WHAT IS REQUIRED: Since the pictures are not wanted, retype the listing below exactly and without them.
:: STORED DATA
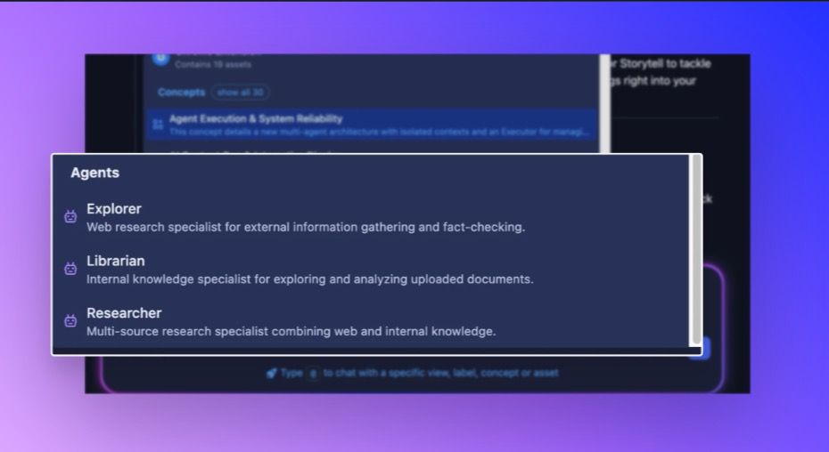 What are agents? Think of them as expert assistants who work behind the scenes on specific parts of your request. When you ask Storytell to do something complex—like researching a topic across multiple sources or digging through your entire document library—Storytell can now delegate that work to specialized agents who are optimized for exactly that task.
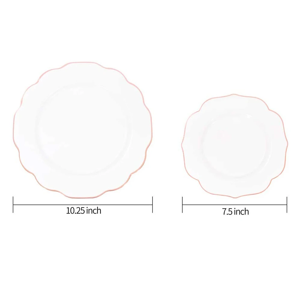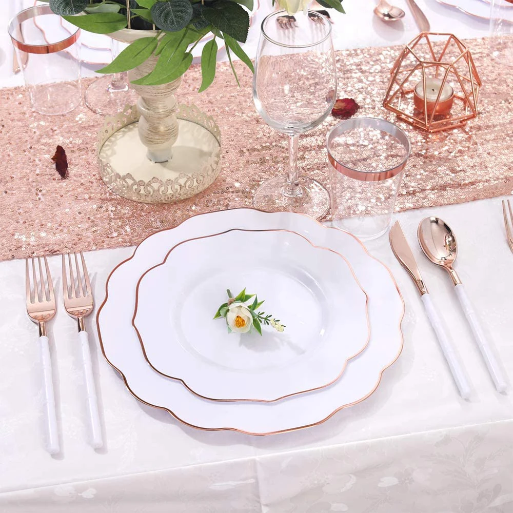 Цвет: розовое золотоМатериал: пищевой пластикРазмер: 7,5 дюйма, 10,25 дюймаКоличество: 20 штукПрименение: подходит для свадеб, Рождества, Дня благодарения, дней рождения и других крупных мероприятий.Характеристики: можно использовать повторно
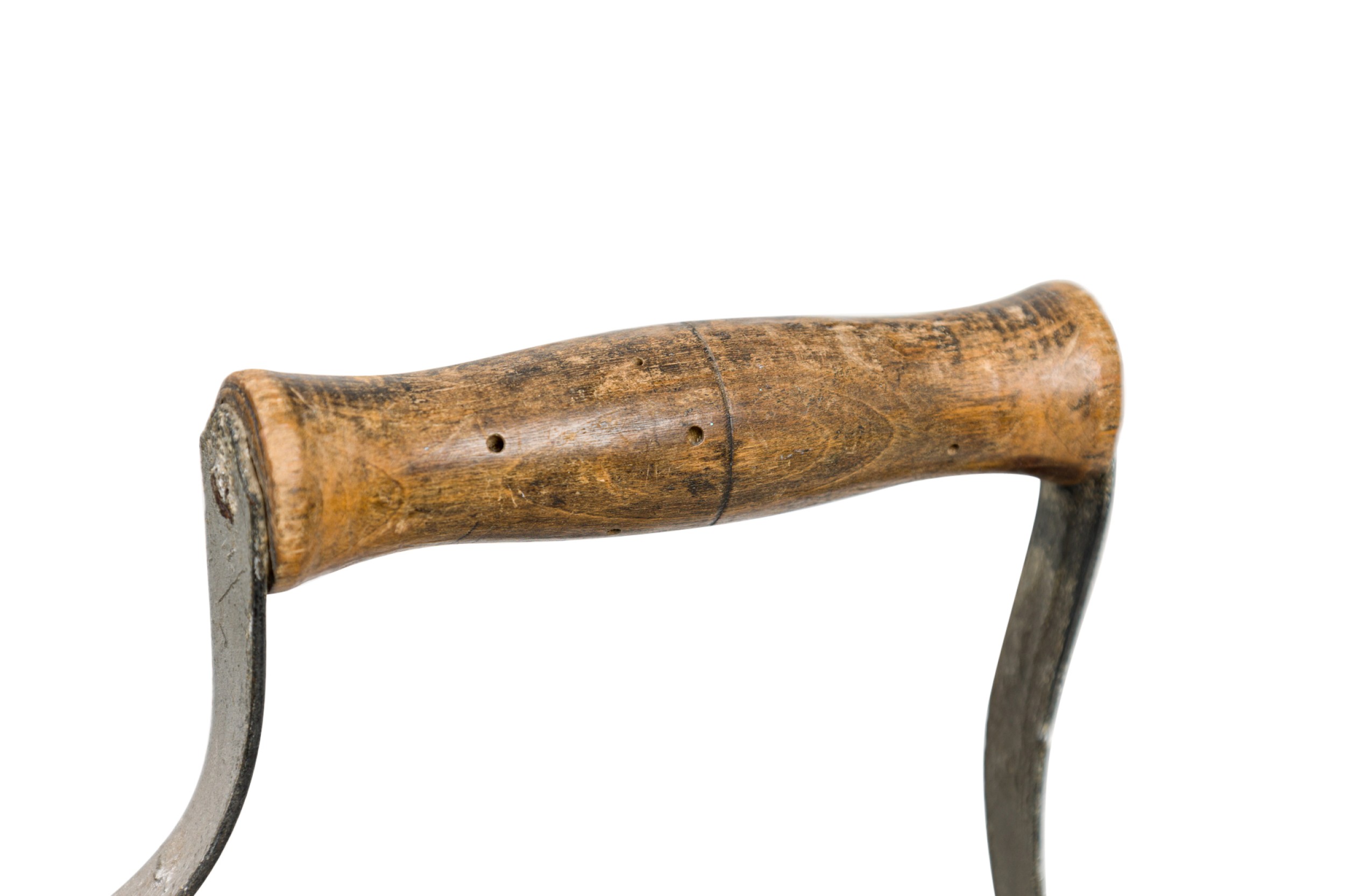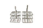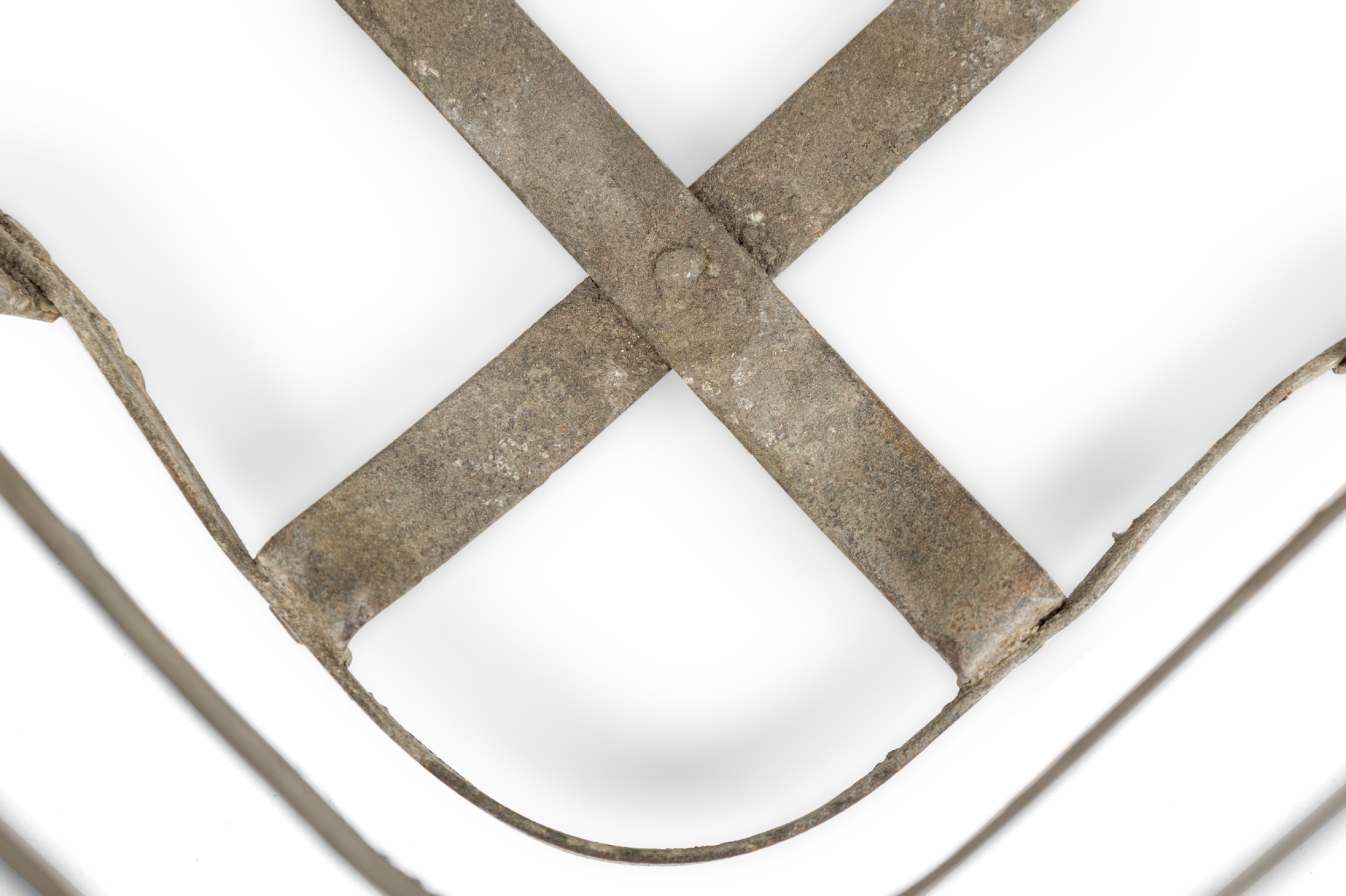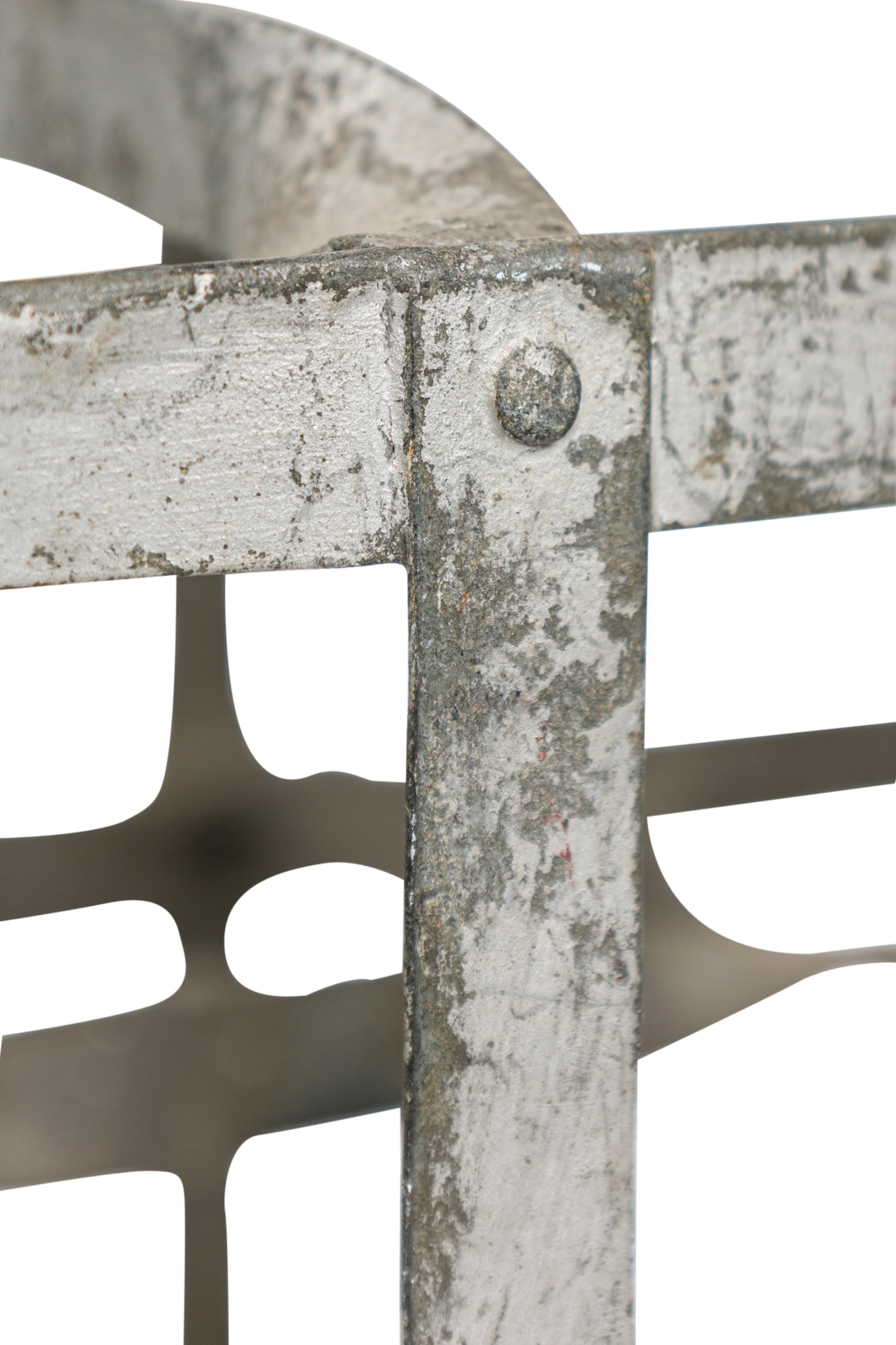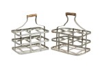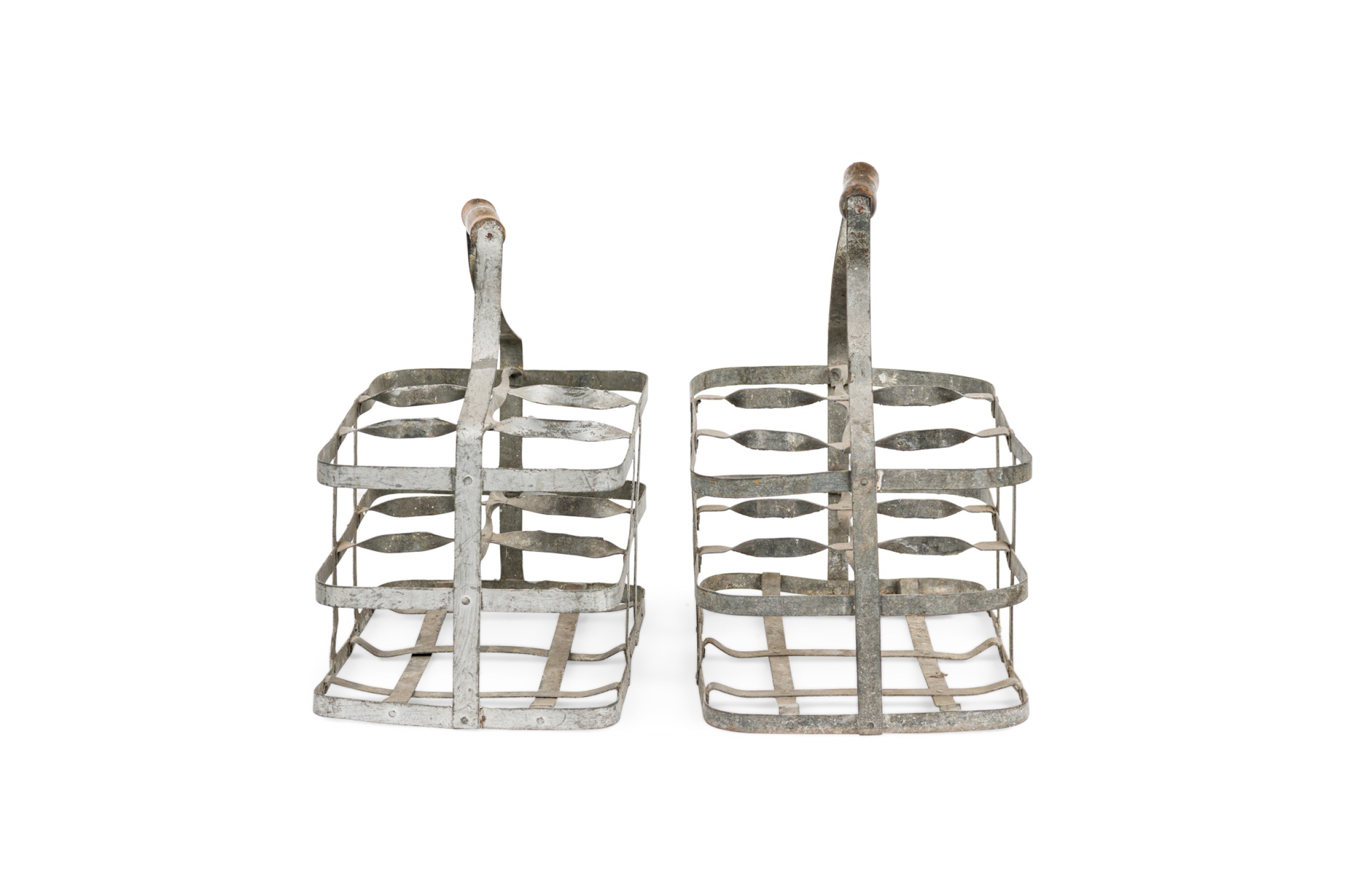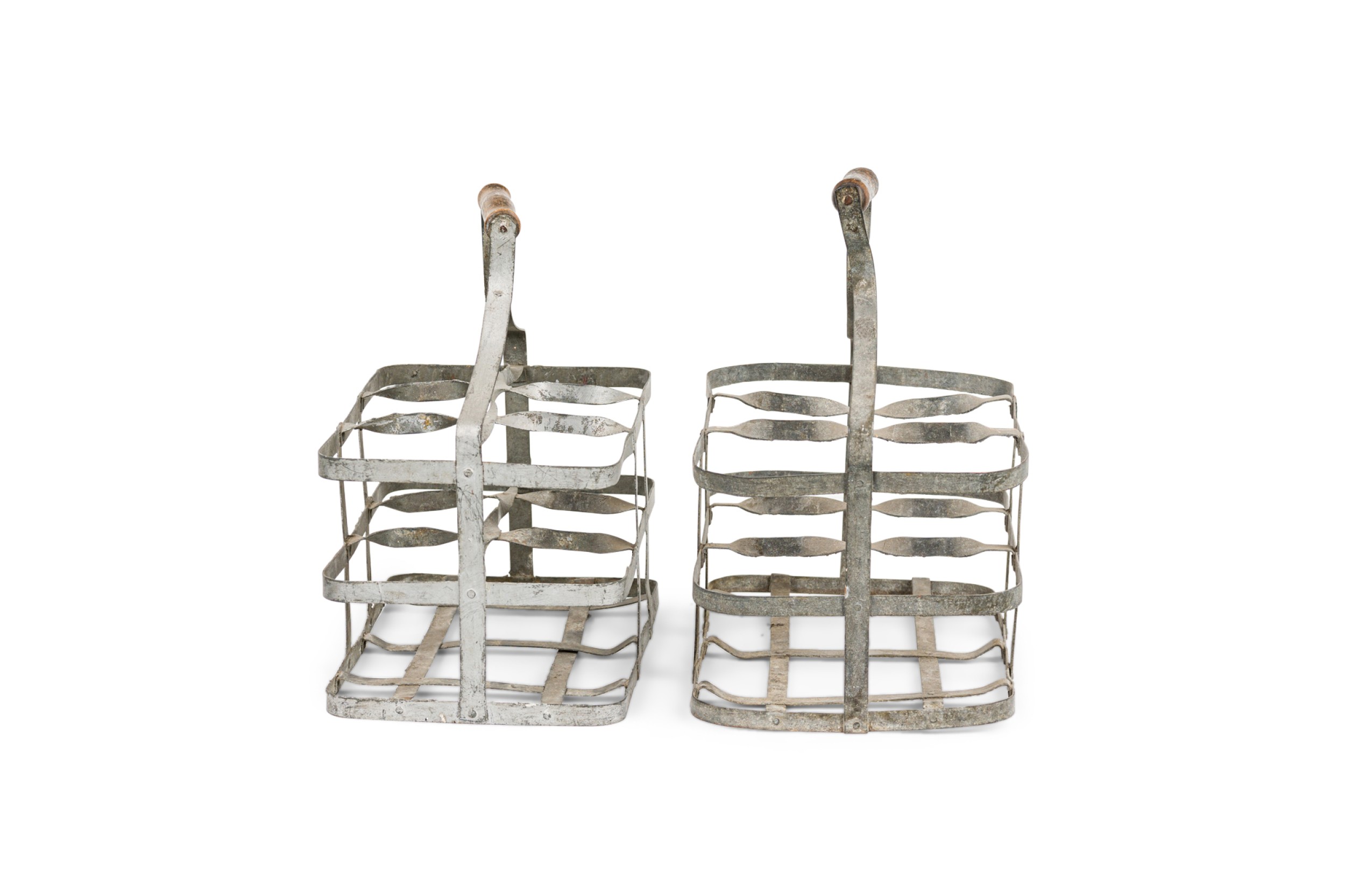 French Provincial (20th Cent) iron 6 bottle (magazine) carrier with wood handle. (2-PRICED EACH).
::::
PROBLEM SOLUTION:
 What are agents? Think of them as expert assistants who work behind the scenes on specific parts of your request. When you ask Storytell to do something complex—like researching a topic across multiple sources or digging through your entire document library—Storytell can now delegate that work to specialized agents who are optimized for exactly that task.
 Цвет: розовое золотоМатериал: пищевой пластикРазмер: 7,5 дюйма, 10,25 дюймаКоличество: 20 штукПрименение: подходит для свадеб, Рождества, Дня благодарения, дней рождения и других крупных мероприятий.Характеристики: можно использовать повторно
 French Provincial (20th Cent) iron 6 bottle (magazine) carrier with wood handle. (2-PRICED EACH).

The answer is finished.